→ EXERCISE PROMPT: With the images removed, write out every line below exactly.

→ EXERCISE DATA:
..........
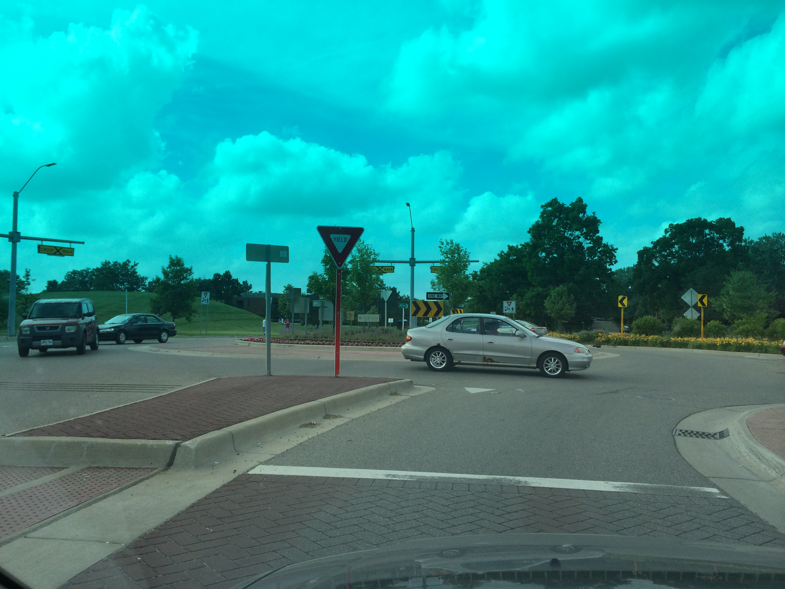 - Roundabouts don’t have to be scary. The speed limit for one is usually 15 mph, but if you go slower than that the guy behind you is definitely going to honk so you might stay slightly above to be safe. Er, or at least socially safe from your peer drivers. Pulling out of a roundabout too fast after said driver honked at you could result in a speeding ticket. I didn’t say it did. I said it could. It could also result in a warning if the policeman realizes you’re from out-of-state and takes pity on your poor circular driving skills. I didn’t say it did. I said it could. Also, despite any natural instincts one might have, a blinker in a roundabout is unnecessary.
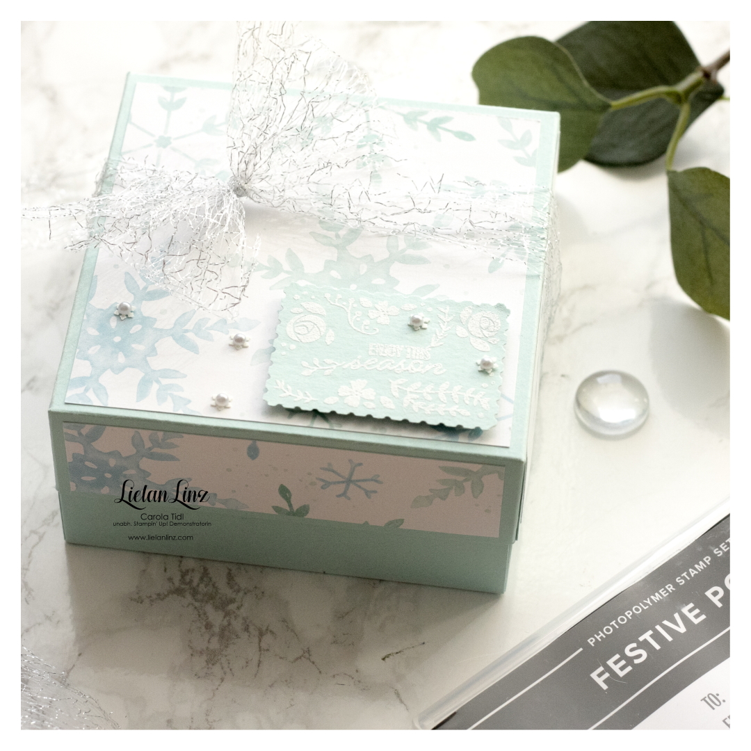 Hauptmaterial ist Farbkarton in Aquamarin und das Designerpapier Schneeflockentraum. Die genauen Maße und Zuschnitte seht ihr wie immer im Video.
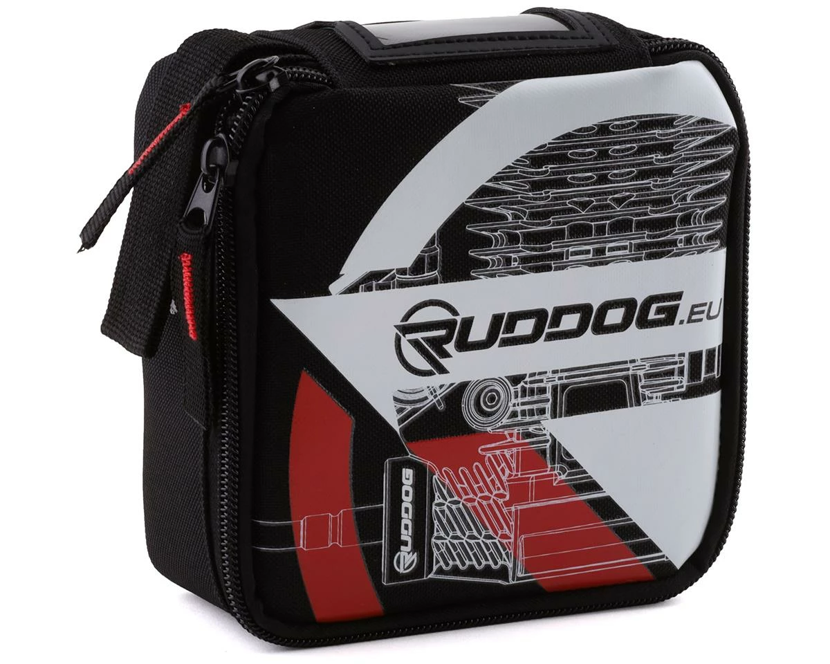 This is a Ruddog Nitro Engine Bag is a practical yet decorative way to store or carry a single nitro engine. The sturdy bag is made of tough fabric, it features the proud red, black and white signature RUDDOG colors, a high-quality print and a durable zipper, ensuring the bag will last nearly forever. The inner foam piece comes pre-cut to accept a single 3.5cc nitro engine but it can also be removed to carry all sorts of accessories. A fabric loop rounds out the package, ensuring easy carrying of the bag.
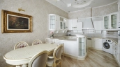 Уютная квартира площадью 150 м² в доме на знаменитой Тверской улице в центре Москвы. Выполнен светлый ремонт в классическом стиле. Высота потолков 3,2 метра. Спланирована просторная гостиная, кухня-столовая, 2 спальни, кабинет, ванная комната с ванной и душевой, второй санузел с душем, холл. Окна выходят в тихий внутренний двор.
..........
→ ANSWER BOX:
 - Roundabouts don’t have to be scary. The speed limit for one is usually 15 mph, but if you go slower than that the guy behind you is definitely going to honk so you might stay slightly above to be safe. Er, or at least socially safe from your peer drivers. Pulling out of a roundabout too fast after said driver honked at you could result in a speeding ticket. I didn’t say it did. I said it could. It could also result in a warning if the policeman realizes you’re from out-of-state and takes pity on your poor circular driving skills. I didn’t say it did. I said it could. Also, despite any natural instincts one might have, a blinker in a roundabout is unnecessary.
 Hauptmaterial ist Farbkarton in Aquamarin und das Designerpapier Schneeflockentraum. Die genauen Maße und Zuschnitte seht ihr wie immer im Video.
 This is a Ruddog Nitro Engine Bag is a practical yet decorative way to store or carry a single nitro engine. The sturdy bag is made of tough fabric, it features the proud red, black and white signature RUDDOG colors, a high-quality print and a durable zipper, ensuring the bag will last nearly forever. The inner foam piece comes pre-cut to accept a single 3.5cc nitro engine but it can also be removed to carry all sorts of accessories. A fabric loop rounds out the package, ensuring easy carrying of the bag.
 Уютная квартира площадью 150 м² в доме на знаменитой Тверской улице в центре Москвы. Выполнен светлый ремонт в классическом стиле. Высота потолков 3,2 метра. Спланирована просторная гостиная, кухня-столовая, 2 спальни, кабинет, ванная комната с ванной и душевой, второй санузел с душем, холл. Окна выходят в тихий внутренний двор.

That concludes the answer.